Aon Plc’s decision to abandon a $30 billion takeover of insurance brokerage Willis Towers Watson Plc after Justice Department pushback was the first deal worth more than $10 billion that fell apart for regulatory reasons since the Biden administration announced tougher stances on large consolidation. The DOJ was concerned that the deal would have consolidated the insurance brokering industry from three big competitors to two. So what does this mean for big deals moving forward? Antitrust experts weigh in.

“We’re seeing the Biden administration look increasingly closely at transactions, which has a timing impact on deals,” says Meghan Rissmiller, a partner in Freshfields’ antitrust, competition and trade practice. “Greater scrutiny is resulting in longer and more in-depth investigations. This applies at both U.S. antitrust agencies, the Federal Trade Commission and Department of Justice Antitrust Division.”

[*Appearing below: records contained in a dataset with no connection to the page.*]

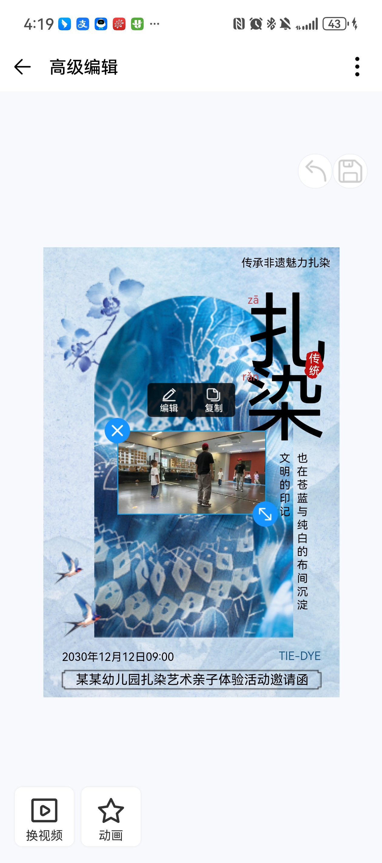 2.6、点击添加视频,调出系统视频库来录制视频,选择视频之后,允许拖动视频位置,拉动改变视频尺寸,支持复制、删除视频;允许更换视频和添加视频动画,添加动画之后,在当前画布出现即时效果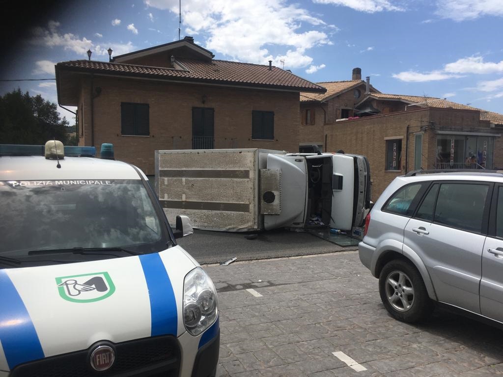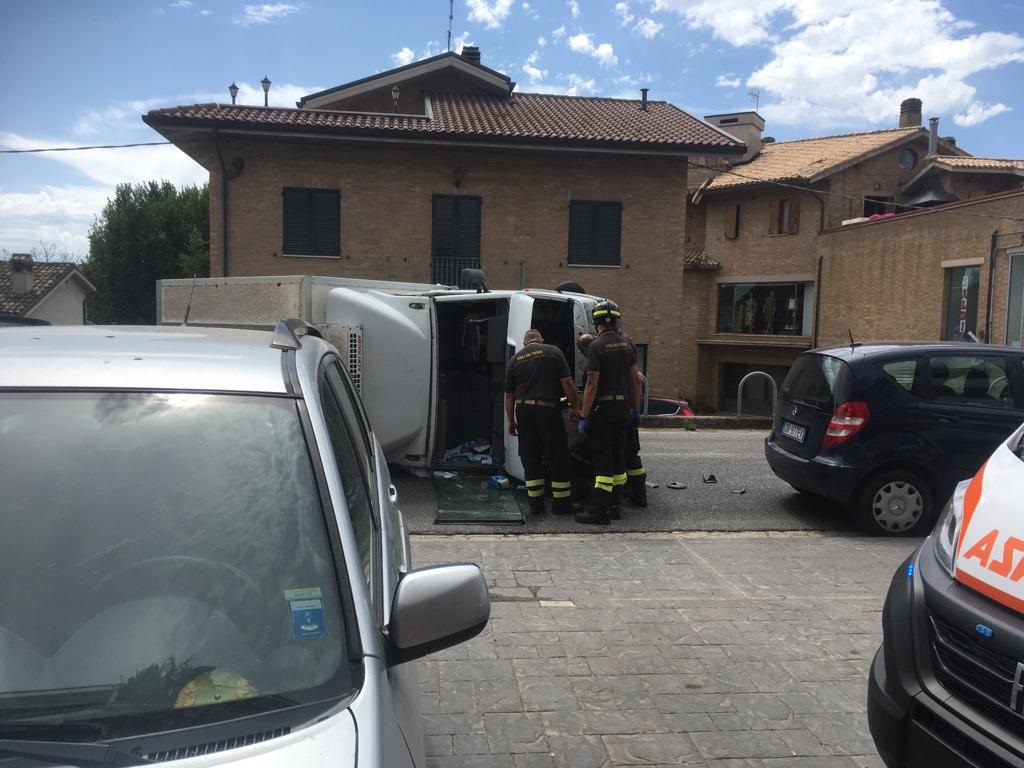 Incidente stradale oggi verso le 11,30 lungo la strada provinciale 77, in località Sambucheto, ai confini tra Recanati e Montecassiano, in pieno centro abitato. Coinvolti due auto e un furgoncino con cella frigorifera per il trasporto della carne che è finito rovesciato su un fianco in mezzo alla sede stradale.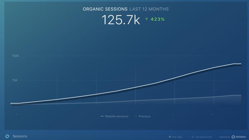 (Databo的数据表盘显示,自2017年初以来,Databox的自然流量增长了423%)
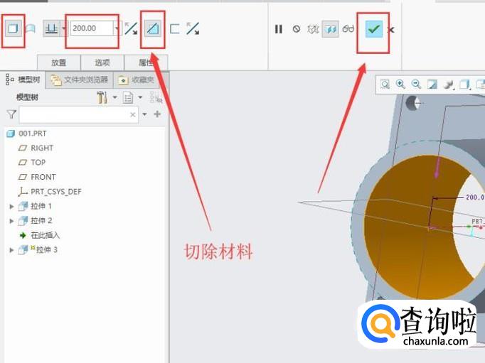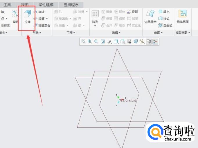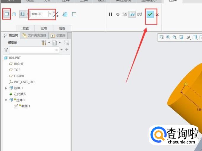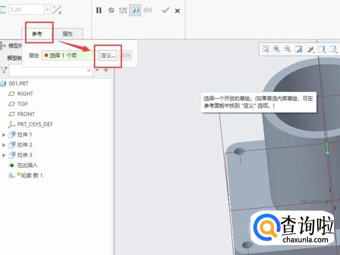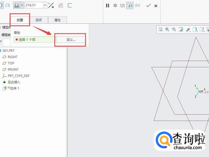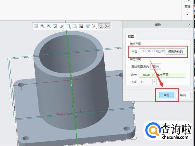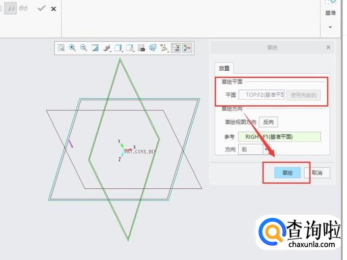 点击“拉伸”,以TOP面为草绘面,如图所示。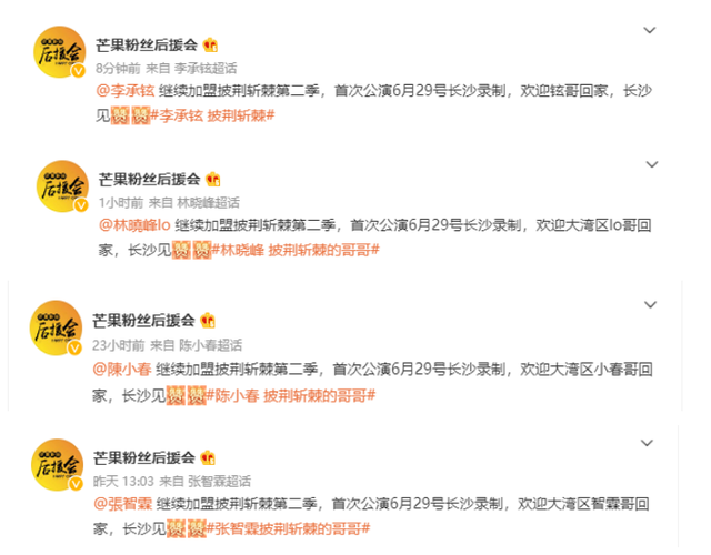 如今《浪姐3》正在热播,而根据知情网友爆料,《披哥2》将无缝衔接《浪姐3》,目前正在准备中,将于本月月底开始初舞台的录制。 相比之下,《披哥2》的保密工作要比《浪姐3》做得好很多,距离节目录制还有几天时间,但关于这档节目嘉宾的网爆信息非常少。 而在近日,博主芒果粉丝后援会相续爆料出了部分嘉宾名单,目前他总共爆料有十三人,其中有四人是去年参加第一季的哥哥,并且有三人是大湾区哥哥,他们分别是陈小春、林晓峰、张智霖和李承铉。 |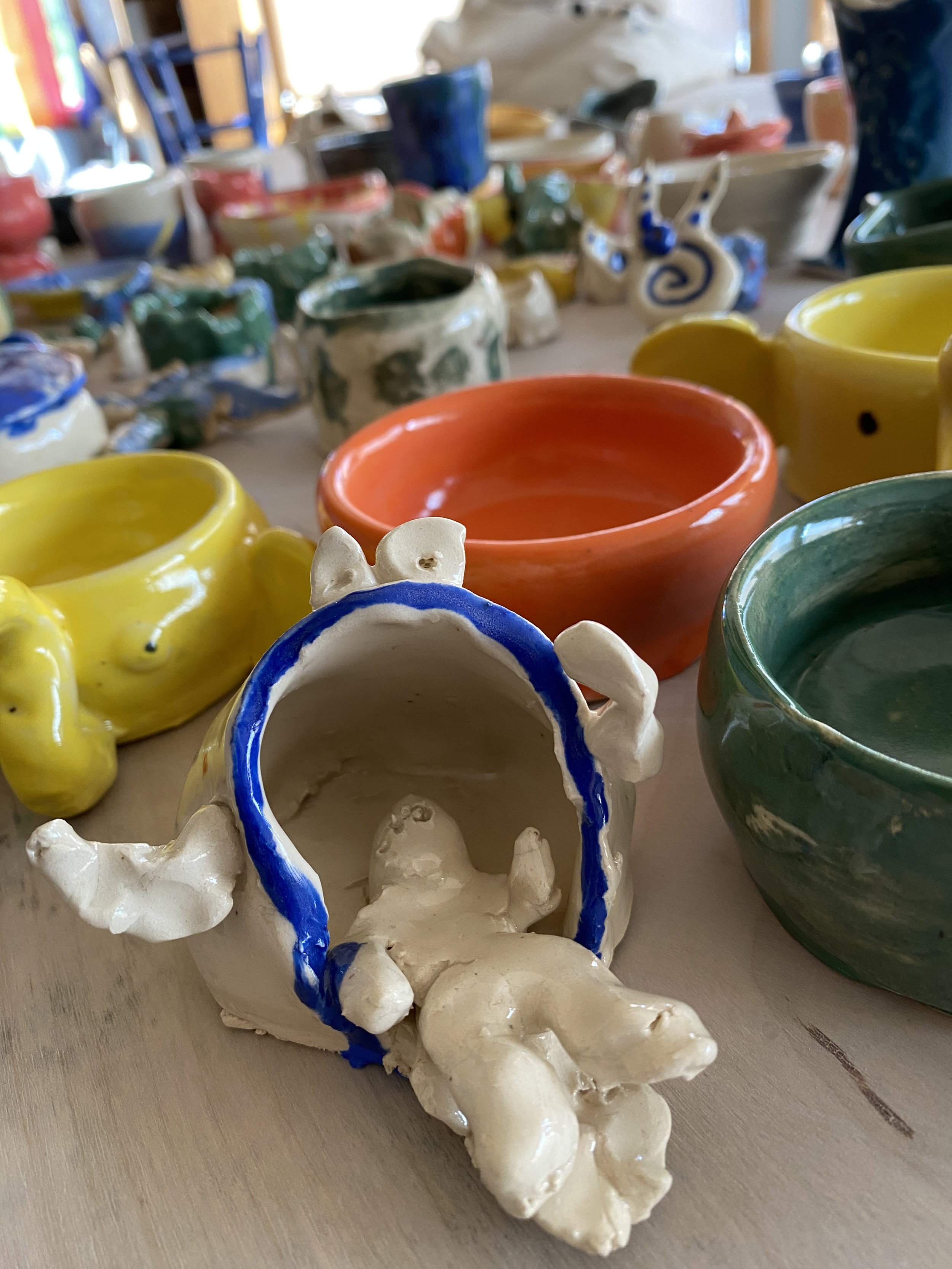 1-2 saved/fired pieces per child. Cups/Mugs/Bowls/creatures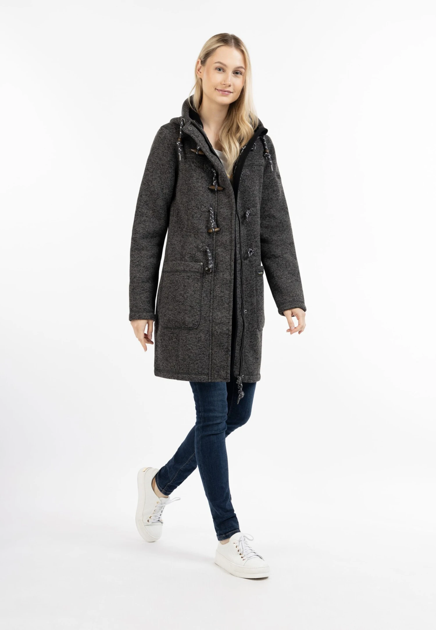 MélangeFleeceDufflecoatLicht gevoerdHoutje touwtje sluiting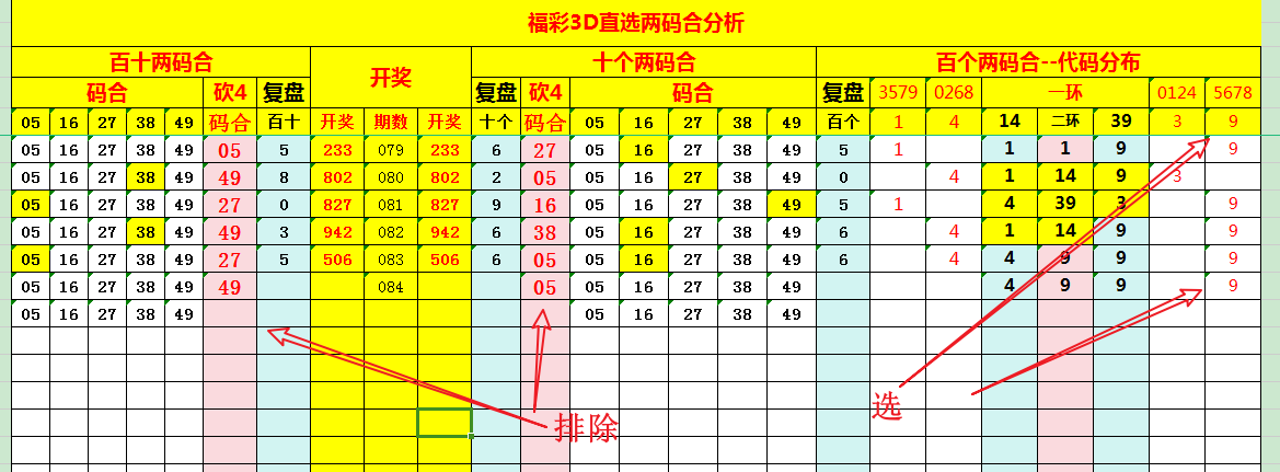 秉持化繁为简、去芜存菁之念,先将“百十、十个”三组两码合值的数字,依旧按05、16、27、38、49的规律,归为五组,化零为整。依据复盘所得的两码合数字,搭建研判表格,直观呈现,便于参考: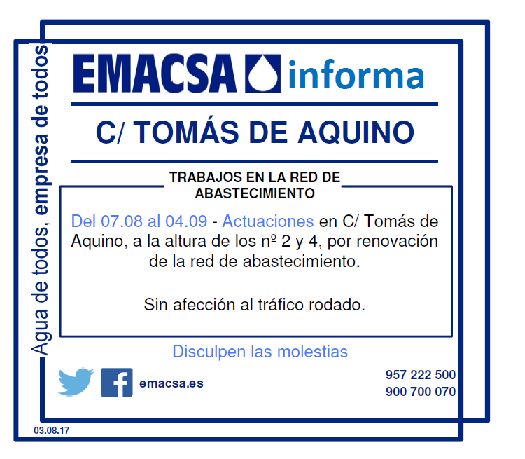 Del 07.08.2017 al 04.09.2017 – Actuaciones en C/ Tomás de Aquino, a la altura de los nº 2 y 4, por renovación de la red de abastecimiento-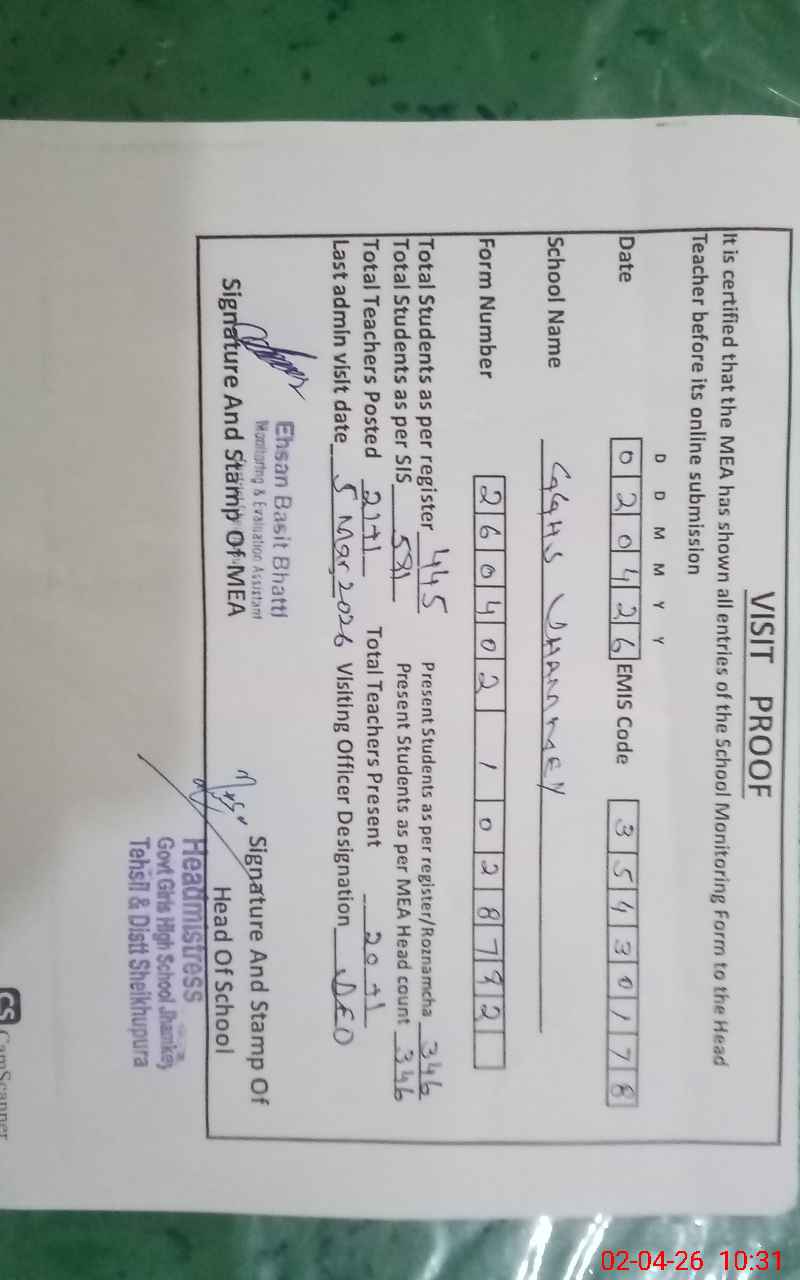 | EMIS Code: 35430178 | Name of School: GGHS JHAMKEY | |||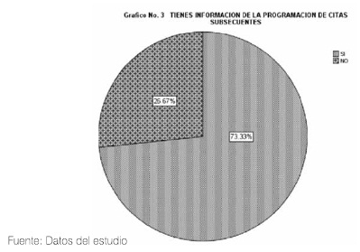En cuanto a la información de la Programación de las citas subsecuentes el 73.3% contestó que la enfermera les informo de la próxima cita, un 26.7% no fueron informadas de las citas subsecuentes, entre las adolescentes no citadas se encuentran las que no desearon métodos anticonceptivos y la otra proporción corresponde a las adolescentes que aceptaron Dispositivo intrauterino y el Parche Norplant, es primordial la información de estos dos últimos métodos, por que presentan algunas alteraciones sobre todo el Parche Nortplant puede ocasionar hematoma en el sitio de aplicación e infección local. (Grafica No.3)

“Recent developments shouldn’t be surprising as it relates to regulatory scrutiny of deals—particularly larger deals where there is perceived market concentration,” says Thaddeus Malik, chair of global M&A practice at Paul Hastings. “Regulatory developments often follow a predictable path. An expectation arises, as it did after the election, then official pronouncements are made, as illustrated by the recent presidential order. Then specific actions manifest themselves, as has happened with some recent deals being questioned, with some being abandoned.”